YNB (MSG) + glucose + G418 medium was prepared as follows: dissolve 6.7 g YNB without amino acids and without NH4SO4 and 1 g monosodium glutamate in 900 mL H2O, autoclave, let cool to room temperature, add 100 mL sterile glucose (20%), add 1 mL G418 (1,000X).
YPD medium was made by combining 5 g yeast extract (Fisher #212720), 10 g peptone (Fisher #211820), and 435 mL milliQ water, autoclaving, and adding 50 mL 20% glucose (Fisher #901521).
Yeast transformation
Request a detailed protocolThe libraries were transformed into using the LiAc method (Gietz and Schiestl, 2007). For the TSS library, we transformed 1.6 L of yeast growing in YPD at an OD600 of 1.25 with 248 µg plasmid DNA. We split the 1.6 L culture in half, harvested by centrifugation at 3,000 g for 5 min at 20 °C, washed twice with water (once with half and once with 1/5 of the culture volume), and pelleted by centrifugation. Each of the two cell pellets was mixed with transformation mix (28.8 mL PEG 50% w/v, 4.32 mL LiAc 1M, 6 mL single-stranded carrier DNA at 2 mg / mL, water to 43.2 mL, as well as half the plasmid DNA) in a 50 mL conical tube. Prior to making the transformation mix, single-stranded carrier DNA was denatured for 5 min in a boiling water bath and chilled on watery ice. Transformation mix was kept on ice until use. Cells mixed with transformation mix were heat shocked at 42 °C for 60 min in a shaking water bath. To recover the cells, we poured the transformation mixture into 1 L YPD medium pre-warmed to 30 °C and shook them at 30 °C for 4 hr. Recovered cells were spun at 5,000 g for 5 min, the liquid decanted, and the pellet resuspended in 8 mL PBS buffer. We plated the mixture on fourteen 150 × 15 mm plates (Fisher #08-757-14; 500 µL YPD + G418 per plate) and grew the cells at 30 °C for 2 d. A dilution series plated in parallel indicated 1.16 million cells per 500 µL plated cells, for a total of 16.2 million yeast transformants.

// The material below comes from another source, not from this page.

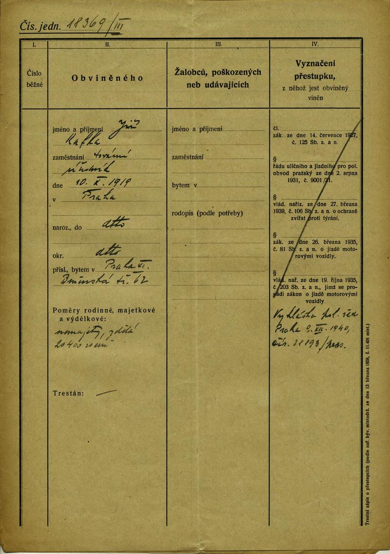 Národní archiv Praha > Policejní ředitelství v Praze > 1941-1950 > K > Kafka Jiří

Plates were scraped with 5 mL PBS per plate, the harvested cells combined, spun (3,000 rpm for 5 min), and resuspended in 30 mL PBS. This cell suspension had an OD600 of 128, as estimated by measuring a dilution series. We inoculated 400 million cells (104 µL) in 250 mL YNB (MSG) + glucose + G418 medium, grew them at 30 °C for 26 hr, measured OD600, and stored aliquots (750 µL culture in 750 µL 40% glycerol) at −80 °C. Each aliquot contained ~ 60 million cells.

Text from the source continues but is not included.